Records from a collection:
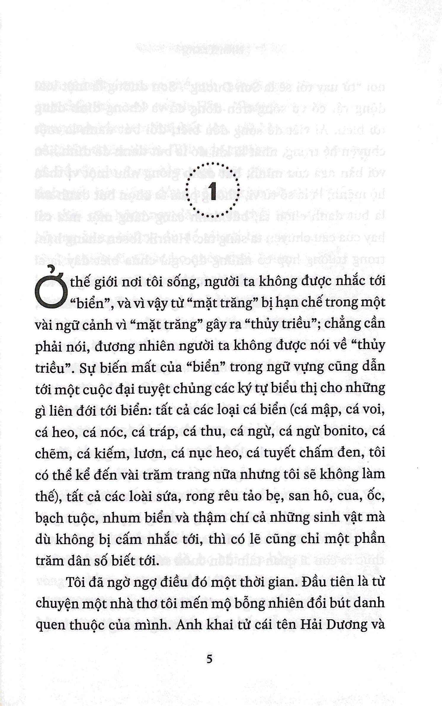 Sau khi bị nhà xuất bản từ chối bản thảo tiểu thuyết mới nhất, một nhà văn nhận ra rằng, trong thế giới cô đang sống, người ta không được quyền nhắc tới "biển". Cô tìm mọi cách để xuất bản cuốn sách của m.ình, và rồi hành trình kỳ lạ mở ra, dẫn cô tới một thư viện nơi những hồn ma thủ thư còn sống mãi, một quán bar như lọt thỏm trong chốn phi-thời-gian, một nhà xuất bản hoạt động trong thế giới ngầm, và những nhà văn không ai rõ danh tính.
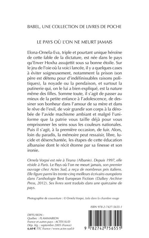 Elona-Ornela-Eva, triple et pourtant unique héroïne de cette fable de la dictature, est née dans le pays qu'Enver Hoxha assujettit sous sa bonne étoile. Sur le jeu de l'oie où la voici lancée, il y a quelques cases à éviter soigneusement, notamment la prison (son père est détenu pour d'indéfinissables raisons politiques), la noyade ou la pendaison, et surtout la putinerie qui, on le lui a bien expliqué, est la nature même des filles. Somme toute, il s'agit de passer au mieux de la petite enfance à l'adolescence, de dessiner son bonheur dans l'amour de sa mère et dans le rêve de l'exil, de voir grandir son corps à la dérobée de l'avide machisme ambiant et malgré l'uniforme que la patrie vous taille déjà pour vous emprisonner les seins sous les couleurs nationales. Puis il s'agit, à la première occasion, de fuir. Alors, loin du paradis, la mémoire peut ressaisir, libre, lucide et désenchantée, les étapes de cette éducation albanaise dont le récit étonne par sa finesse et son ironie.
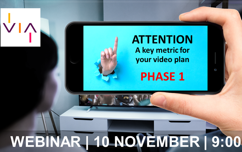 Le jeudi 10 novembre, à 9 heures, VIA présentera la première partie des résultats d’une étude sur ‘l’attention’ pour la publicité vidéo.
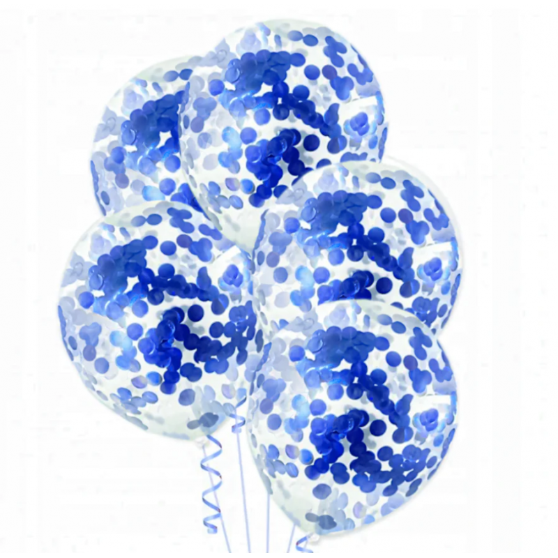 Wysokiej jakości balony transparentne z konfetti w kolorze niebieskim holograficznym.
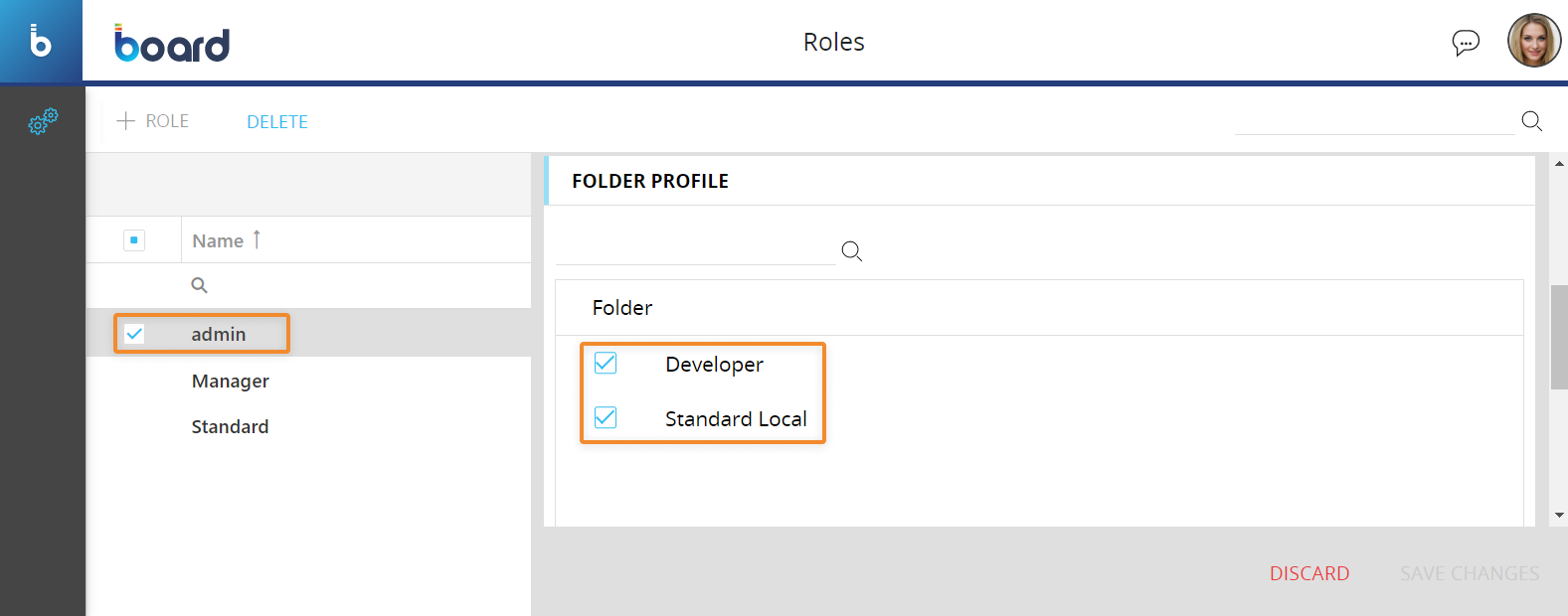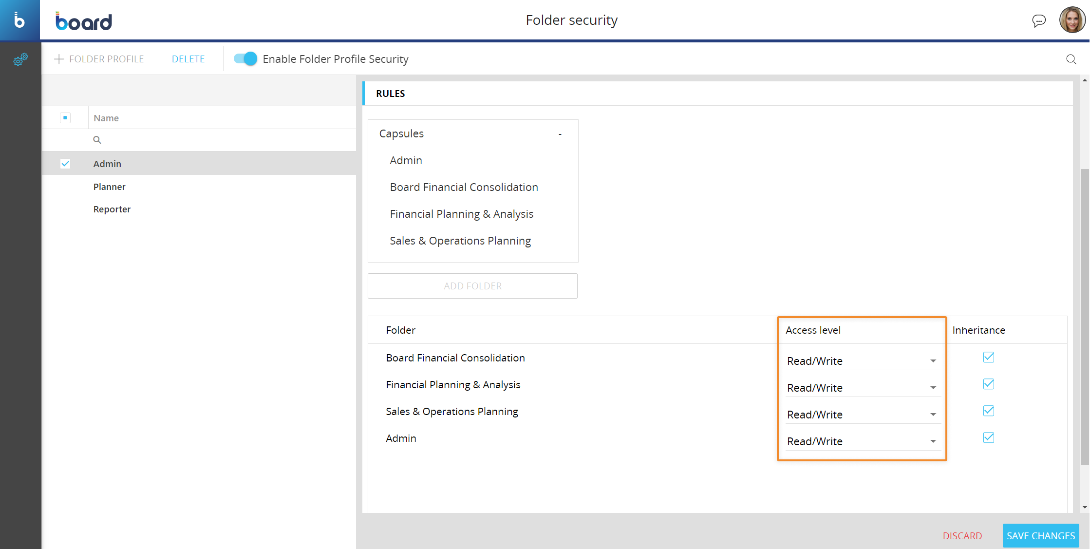 Therefore, in the case of the users associated with the "Admin" role, Board applies all security rules in both Folder security profiles, and in the case where security rules overlap, those with the highest access level take precedence over the others.

**YOUR ASSIGNMENT**
Return all entries preceding this task exactly as they stand, leaving any picture out.

**EXERCISE OUTPUT**
 Sau khi bị nhà xuất bản từ chối bản thảo tiểu thuyết mới nhất, một nhà văn nhận ra rằng, trong thế giới cô đang sống, người ta không được quyền nhắc tới "biển". Cô tìm mọi cách để xuất bản cuốn sách của m.ình, và rồi hành trình kỳ lạ mở ra, dẫn cô tới một thư viện nơi những hồn ma thủ thư còn sống mãi, một quán bar như lọt thỏm trong chốn phi-thời-gian, một nhà xuất bản hoạt động trong thế giới ngầm, và những nhà văn không ai rõ danh tính.
 Elona-Ornela-Eva, triple et pourtant unique héroïne de cette fable de la dictature, est née dans le pays qu'Enver Hoxha assujettit sous sa bonne étoile. Sur le jeu de l'oie où la voici lancée, il y a quelques cases à éviter soigneusement, notamment la prison (son père est détenu pour d'indéfinissables raisons politiques), la noyade ou la pendaison, et surtout la putinerie qui, on le lui a bien expliqué, est la nature même des filles. Somme toute, il s'agit de passer au mieux de la petite enfance à l'adolescence, de dessiner son bonheur dans l'amour de sa mère et dans le rêve de l'exil, de voir grandir son corps à la dérobée de l'avide machisme ambiant et malgré l'uniforme que la patrie vous taille déjà pour vous emprisonner les seins sous les couleurs nationales. Puis il s'agit, à la première occasion, de fuir. Alors, loin du paradis, la mémoire peut ressaisir, libre, lucide et désenchantée, les étapes de cette éducation albanaise dont le récit étonne par sa finesse et son ironie.
 Le jeudi 10 novembre, à 9 heures, VIA présentera la première partie des résultats d’une étude sur ‘l’attention’ pour la publicité vidéo.
 Wysokiej jakości balony transparentne z konfetti w kolorze niebieskim holograficznym.
 Therefore, in the case of the users associated with the "Admin" role, Board applies all security rules in both Folder security profiles, and in the case where security rules overlap, those with the highest access level take precedence over the others.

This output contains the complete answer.